(Data excerpts)

↓↓↓

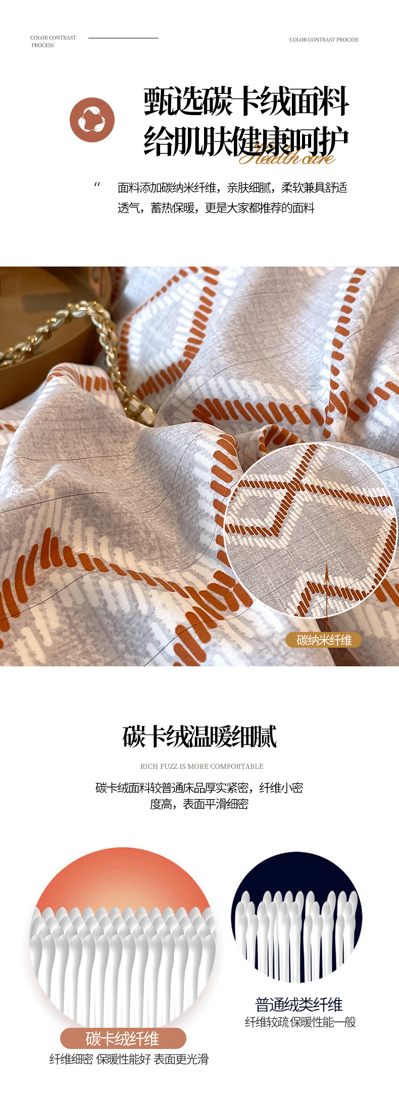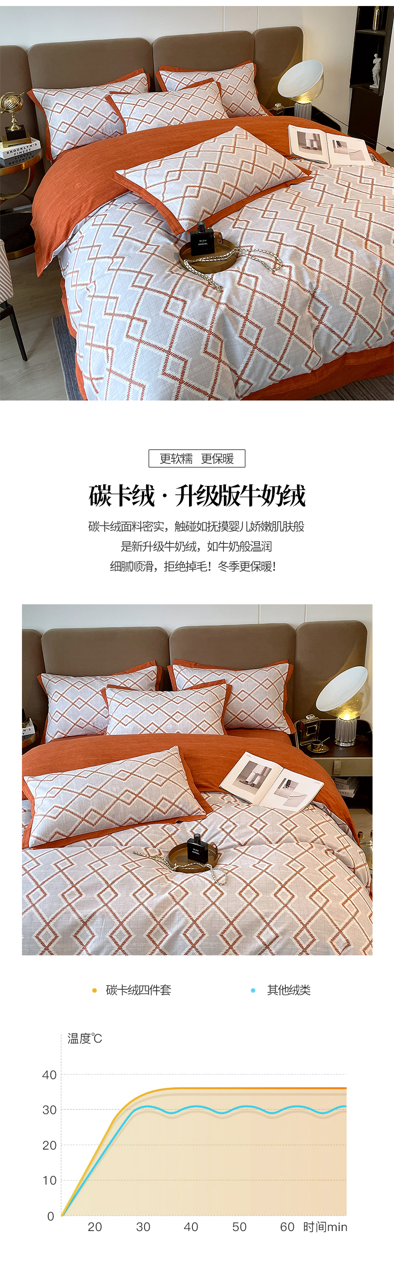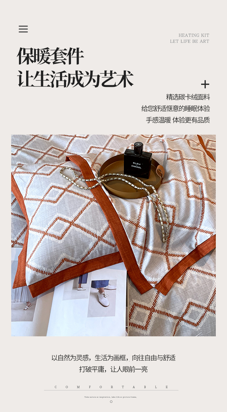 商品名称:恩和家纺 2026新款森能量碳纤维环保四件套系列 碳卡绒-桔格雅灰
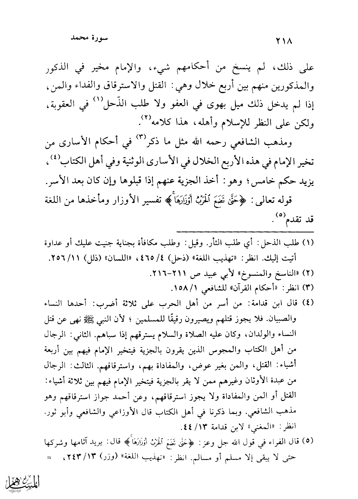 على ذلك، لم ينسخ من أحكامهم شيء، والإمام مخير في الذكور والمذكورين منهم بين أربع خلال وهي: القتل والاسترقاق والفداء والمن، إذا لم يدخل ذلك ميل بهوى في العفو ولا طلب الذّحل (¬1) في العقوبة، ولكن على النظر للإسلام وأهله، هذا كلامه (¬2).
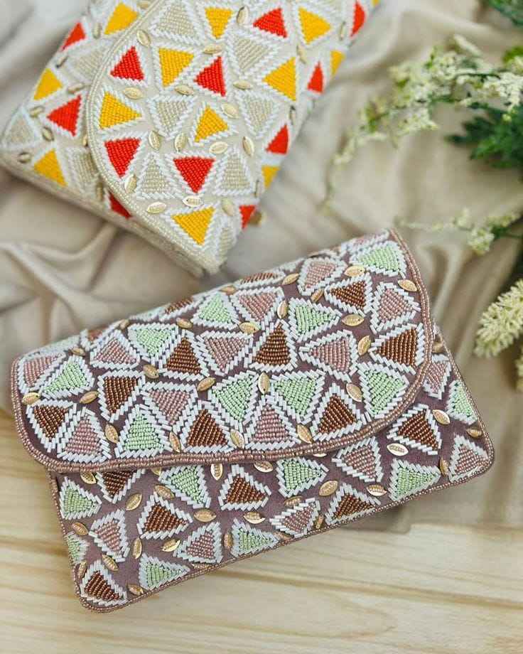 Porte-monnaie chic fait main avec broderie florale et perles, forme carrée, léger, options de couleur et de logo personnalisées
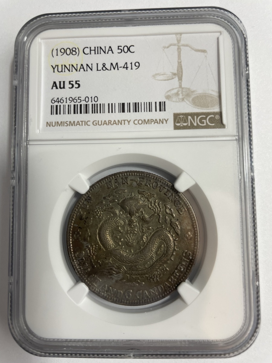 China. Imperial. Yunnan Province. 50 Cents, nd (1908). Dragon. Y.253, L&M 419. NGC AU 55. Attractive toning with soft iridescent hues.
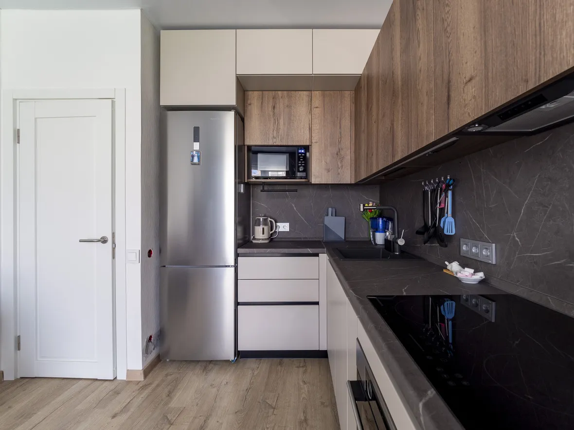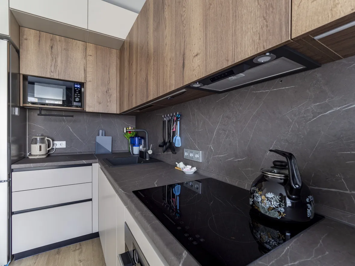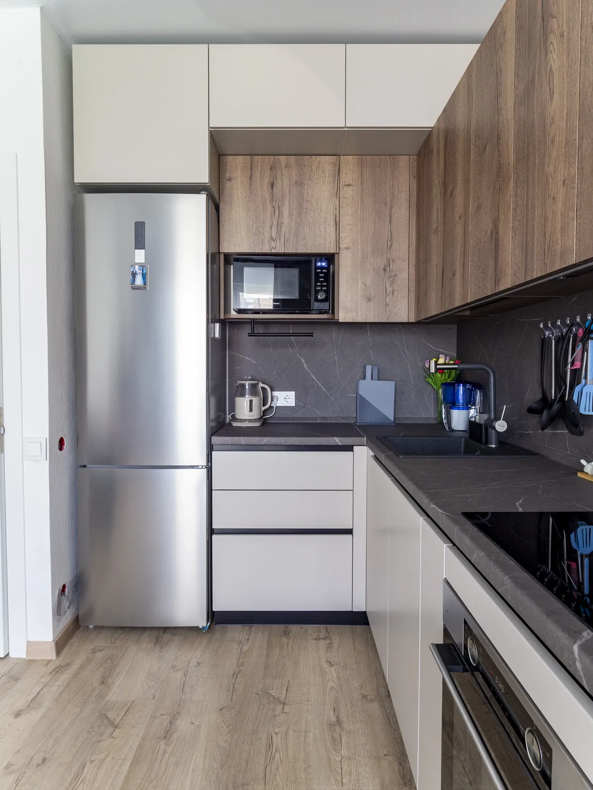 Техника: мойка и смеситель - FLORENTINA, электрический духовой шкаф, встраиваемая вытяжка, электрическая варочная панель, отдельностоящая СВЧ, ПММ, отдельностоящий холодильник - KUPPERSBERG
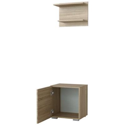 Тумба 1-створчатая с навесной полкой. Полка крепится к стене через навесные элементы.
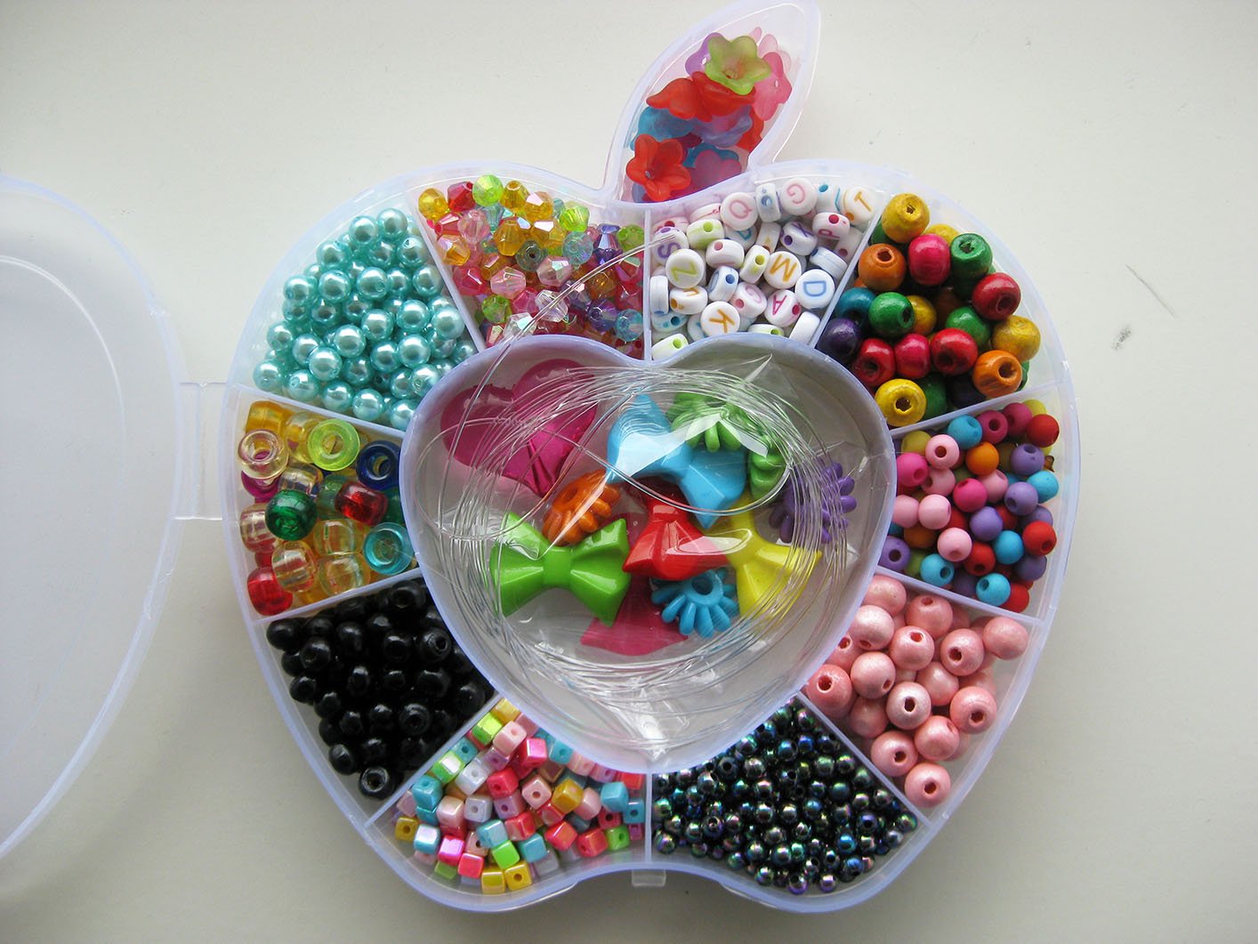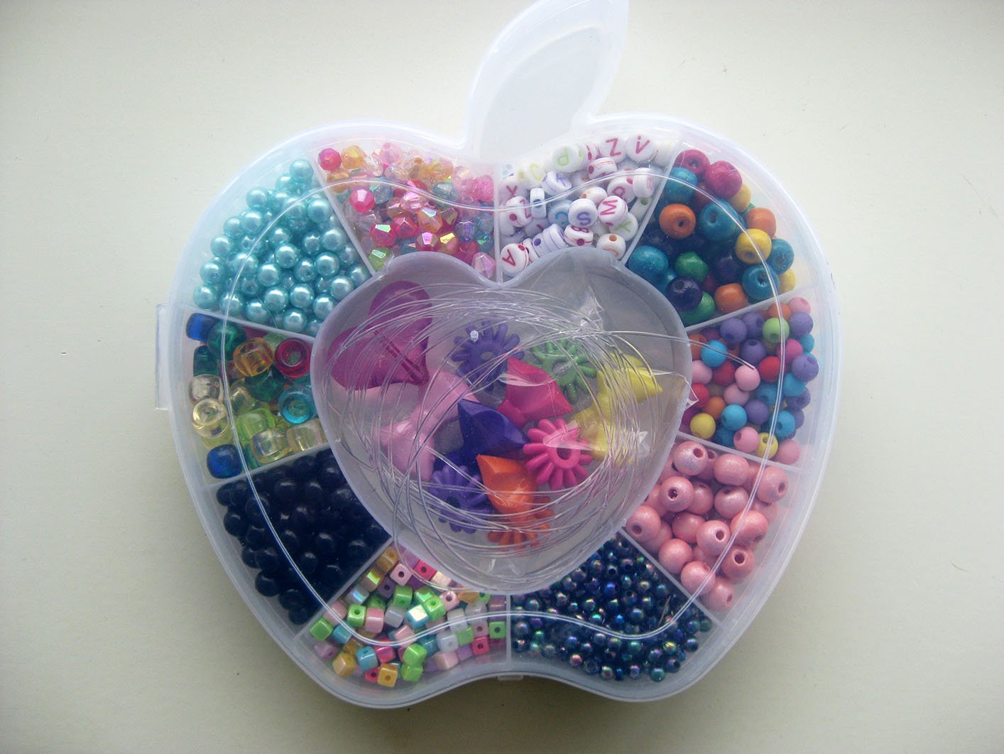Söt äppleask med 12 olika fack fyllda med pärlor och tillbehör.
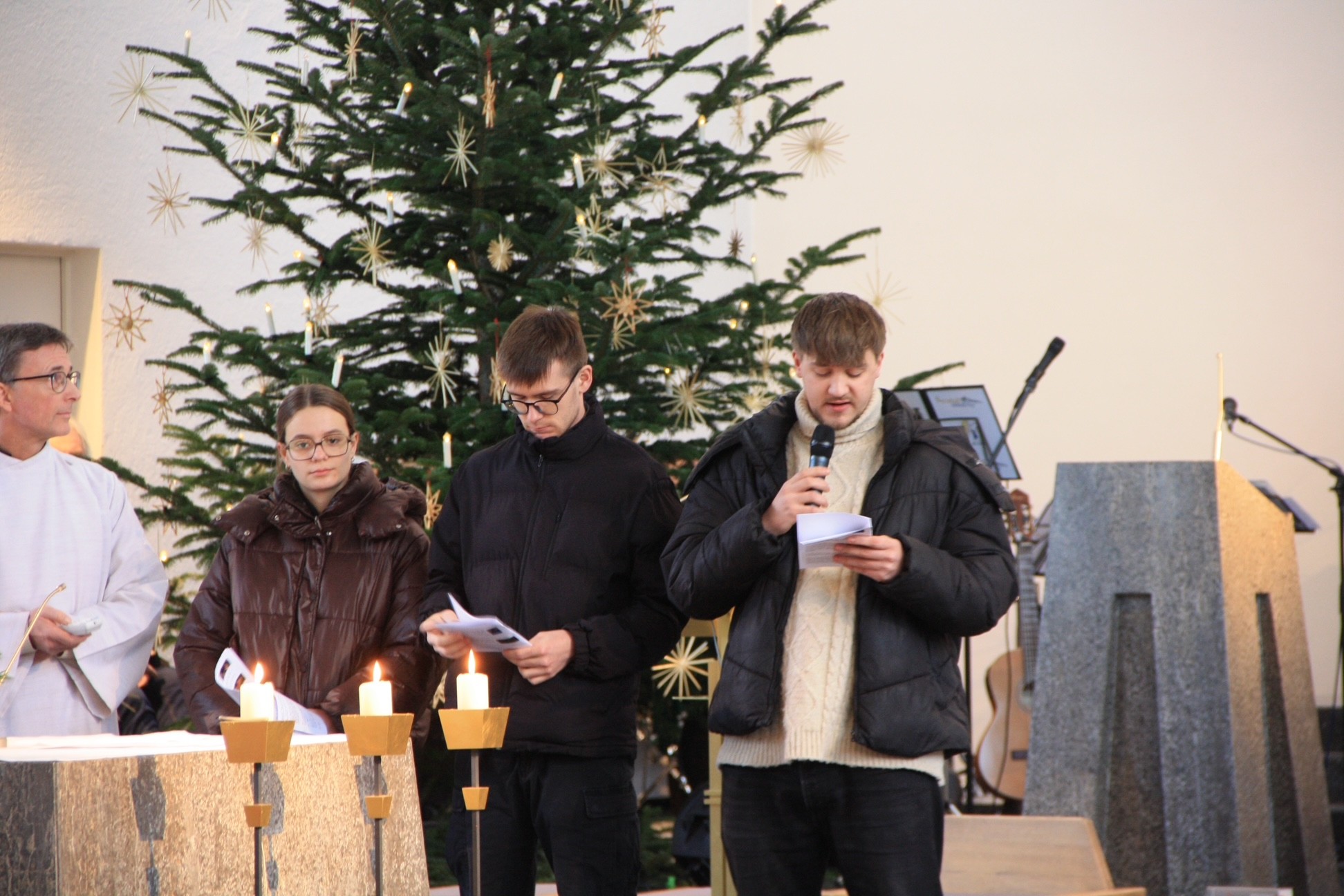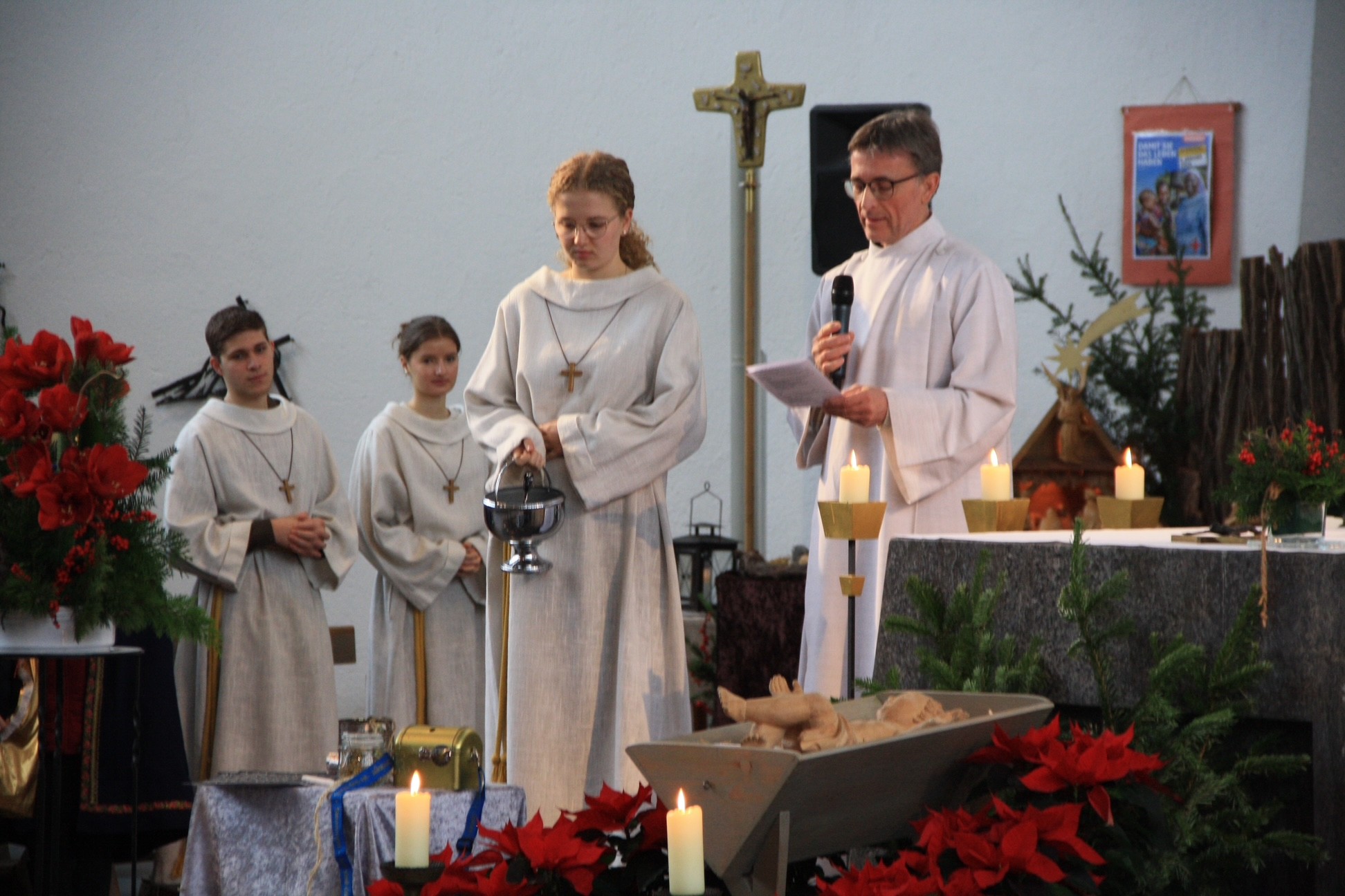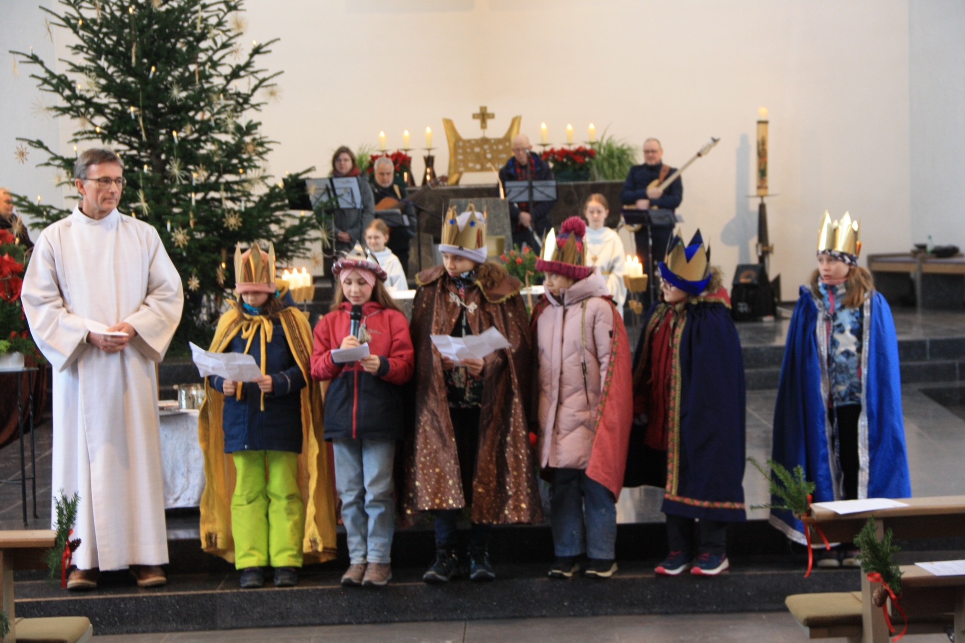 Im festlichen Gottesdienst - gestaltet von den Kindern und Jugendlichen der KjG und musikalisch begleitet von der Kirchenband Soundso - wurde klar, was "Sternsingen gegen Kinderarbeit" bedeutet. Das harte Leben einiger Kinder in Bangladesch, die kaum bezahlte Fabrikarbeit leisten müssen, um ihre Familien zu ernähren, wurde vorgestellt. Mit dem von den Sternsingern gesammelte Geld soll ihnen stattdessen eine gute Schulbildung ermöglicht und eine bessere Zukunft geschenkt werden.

↑↑↑

# [Task statement]
Leave the pictures out, and transcribe exactly the lines above starting at the one that contains "Техника: мойка и" and ending at the one that contains "Söt äppleask med 12".

# [Task response]
 Техника: мойка и смеситель - FLORENTINA, электрический духовой шкаф, встраиваемая вытяжка, электрическая варочная панель, отдельностоящая СВЧ, ПММ, отдельностоящий холодильник - KUPPERSBERG
 Тумба 1-створчатая с навесной полкой. Полка крепится к стене через навесные элементы.
Söt äppleask med 12 olika fack fyllda med pärlor och tillbehör.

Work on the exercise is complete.